Il brano biblico che si legge durante il sabato di Sukkot, tratto da Esodo 33:12 e dai versi seguenti, parla della seconda chance di un rapporto burrascoso e travagliato ma duraturo: quello fra la divinità e Mosè, rappresentante di tutto il popolo ebraico da un lato, personalità assai individuale dall’altro. La conversazione che apre il brano sembra scritta da Beckett e avviene dopo che il popolo di Israele - stanco di aspettare Mosè, ormai da 40 giorni perso sul monte Sinai - si è costruito e ha venerato il famoso vitello d’oro e Mosè, per la sorpresa e la collera, ha fracassato le Tavole dell’Alleanza appena faticosamente ricevute dall’Eterno. Il rapporto fra Mosè e Dio – e l’intera vicenda – potrebbero chiudersi lì. Invece è proprio lì che comincia il bello, è proprio lì che tutto ha un nuovo inizio: Mosè chiede una seconda chance, l’Eterno gliela accorda. Gli dice di tagliare (scolpire, tagliare e legiferare, decretare hanno nell’ebraico biblico la stessa radice) delle nuove tavole di pietra come le prime: non saranno mai le prime, saranno sempre come le prime. E però, è proprio lì che la relazione rinasce o forse nasce davvero: nella seconda chance, nel non morire lì, nel trovare una seconda possibile opzione, che diventa quella vera, l’unica percorribile. Il vero incontro, quello intimo ed emotivo tra il Divino e Mosè avviene lì, in quello sprone di roccia – una sukkah, rifugio e tabernacolo di temporanea e precaria residenza – in cui Dio invita Mosè a soggiornare perché possano fugacemente, brevemente, quasi per caso, incontrarsi, sfiorarsi: “Non puoi vedermi da davanti, perché nessun umano mi vede in volto e vive”, dice Dio al Suo prediletto, “Ma mi potrai vedere da dietro, dopo che sarò passato, perché voglio mostrarti che hai trovato grazia ai Miei occhi”.. Che conversazione. Dolce, forte, mistico-erotico-caotica, come quasi tutti i rapporti.
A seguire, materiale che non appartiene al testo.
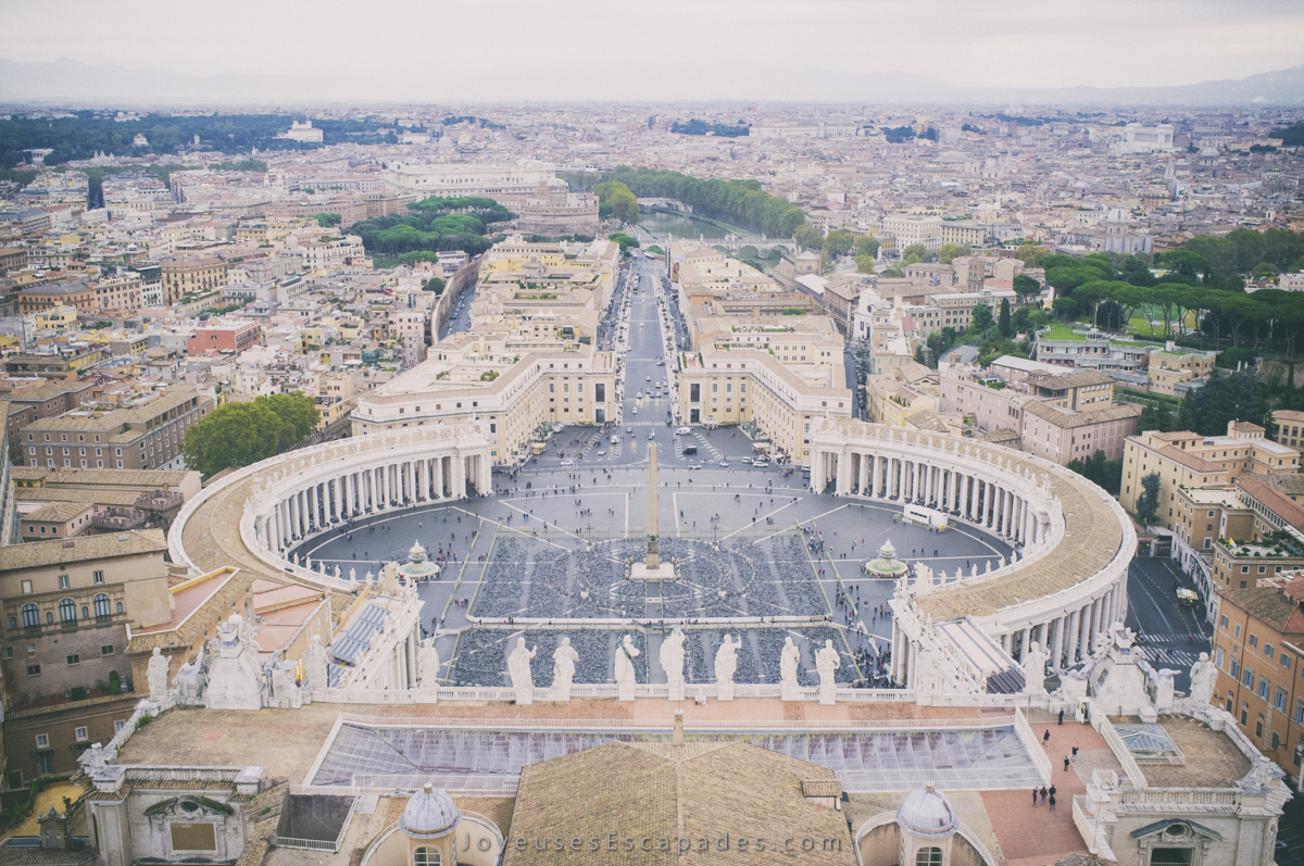 Elle est, elle même, très imposante et pour cause… le Bernin avait pour consigne de construire une esplanade pouvant accueillir tous les fidèles venus écouter les allocutions du Pape. Il ne devait pas beaucoup dormir en pensant à son cahier des charges, ce pauvre homme…Mais, pari réussi si on se réfère aux dimensions du mastodonte !

Non sarebbe mai avvenuta senza quel terribile incidente in fondo nemmeno troppo accidentale: Mosè ha un raptus di collera incontenibile e fracassa le Tavole: poco professionale, poco responsabile, assai poco moderata, ma è pur sempre una sua scelta.

Eppure, è proprio da quel momento di immediata e profonda connessione con gli istinti più forti, non mediati da alcun timore o reverenza, pura forza e puro dolore, che nasce la relazione vera, quella che per pochi istanti sembra quasi “alla pari”, “faccia a faccia”.

Le preghiere e ogni nostro pasto festivo, soprattutto se condiviso e comune come quelli di ieri – pensavo – sono il “Piano B” che i Rabbini e Maestri del Talmud hanno inventato per sostituire i sacrifici e il culto del Tempio di Gerusalemme, distrutto dai Romani nel 70 dc e da allora finito: pasti e preghiere, preghiere e pasti che possiamo consumare ovunque e con chiunque: questa è la relazione con la divinità che da allora pratichiamo, trasportabile, mobile, proprio come una capanna nel deserto, proprio come un rapporto che ci portiamo ovunque, e forse è meglio così.